2. A specific embodiment of claim 1 whereby parents or guardians enroll their children or wards in such a registry.
3. A specific embodiment of claim 1 whereby sensors linked to imaging systems, fixed or mobile, can detect personally identifiable phenomena of nearby individuals, query the opt-out registry, and image or refrain from imaging those individuals.
4. A specific embodiment of the claim 3 whereby a sensor, fixed or mobile, detects unique, personally identifiable signature from a cell phone or other mobile device and the imaging device images or refrains from imaging an individual when a the device signature (such as a MAC (media access code), address Bluetooth® address, or other signature used now or in the future and queries an opt-out registry to determine whether the person can be imaged or whether there are restrictions on the use of the image.
5. A further embodiments of claim 4 whereby a sensor detects and determines both proximity and direction of an identifiable signature and the imaging device paired with the sensor images or refrains from imaging an individual, based in inclusion or lack of inclusion in an opt-out registry, when that individual is in the field of view as determined by the proximity and direction of the device as determined by the sensor.
6. A method whereby a beacon alerts nearby imaging devices and other collection systems that the person carrying the beacon is opted-out of facial recognition, other collection activities, or other privacy intruding practices such as behavioral ad serving based on current location.
7. A variation of claim 6 whereby a mobile device broadcasts the beacon signal or transmits a signal in response to a query.
8. A specific method of claim 7 whereby an application or other software or firmware is placed on a device to create such a signature.
9. A specific embodiment of claim 6 whereby certain ranges or values for MAC addresses or Bluetooth® addresses or other signatures used now or in the future would denote the device is opted out of facial recognition or other collection or surveillance without necessarily requiring a query to an opt-out registry.

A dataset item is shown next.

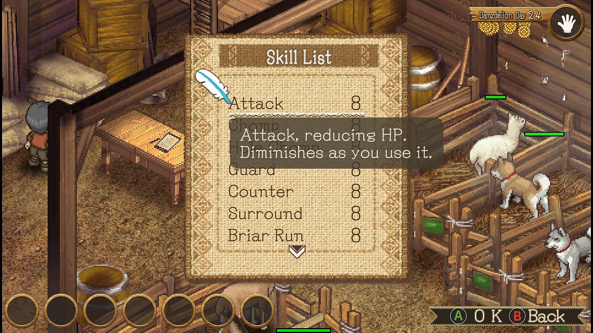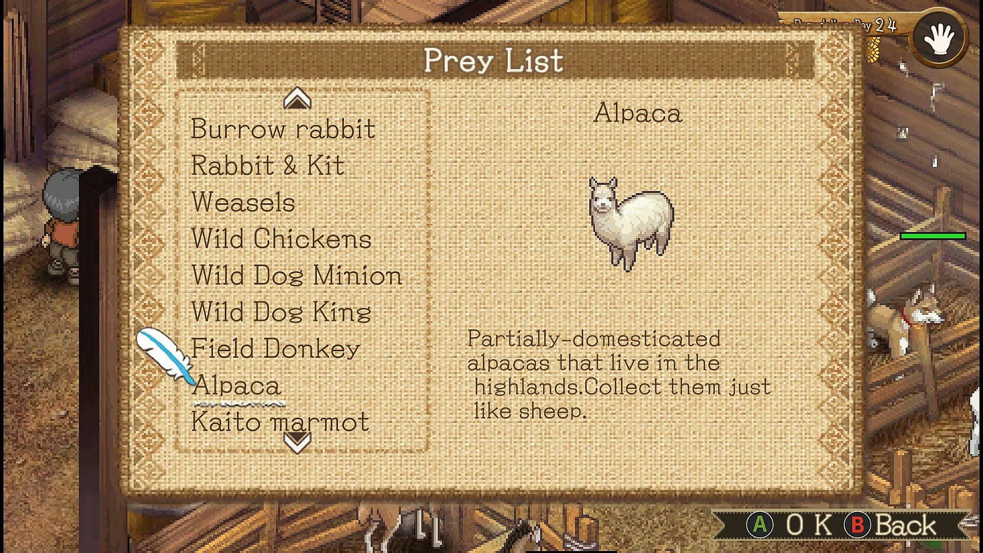The ranch can now be zoomed in and out in four levels. When zoomed out to the maximum, animals and items in the ranch are displayed in dot-by-dot equal size. Breed lots of animals and enjoy watching them move all over the place!

10. A specific embodiment of claim 7 wherein mobile device signatures as the MAC address of the Bluetooth® address or others used now or in the future can be changed on a device to denote that the user of the device is opted-out (or opted-in) to facial recognition collection, geo-tracking, or other data collection or surveillance means.

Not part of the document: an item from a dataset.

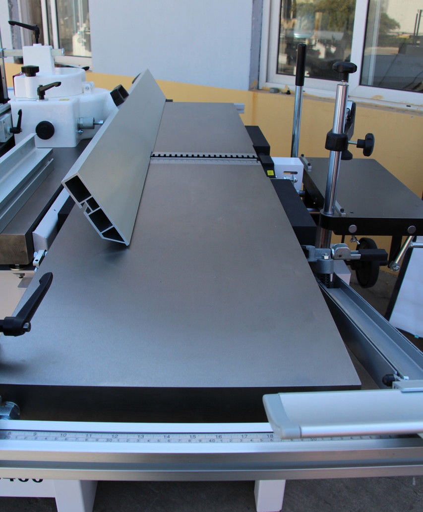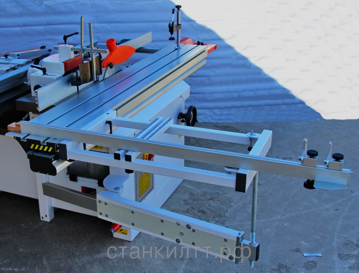 - Для зарезания шипов и пиления поперек волокон и под углом служит пильная каретка, которая имеет большой навесной стол и позволяет раскраивать не только массив но плитные материалы.

11. A specific embodiment of claim 6 wherein a fixed or mobile beacon alerts sensors that certain collection activities are not allowed in the area (the area rather than a person is opted out of the collection activities).
12. A method whereby data collected by an imaging system and related and connected sensors is compared to parametric and other data in an opt-out registry and if the collected data is correlated to the parametric data (i.e., a facial recognition match) or other data (such as unique mobile device identifiers), the collected data is treated differently (for example, it is deleted or its further processing, storage, or dissemination is restricted).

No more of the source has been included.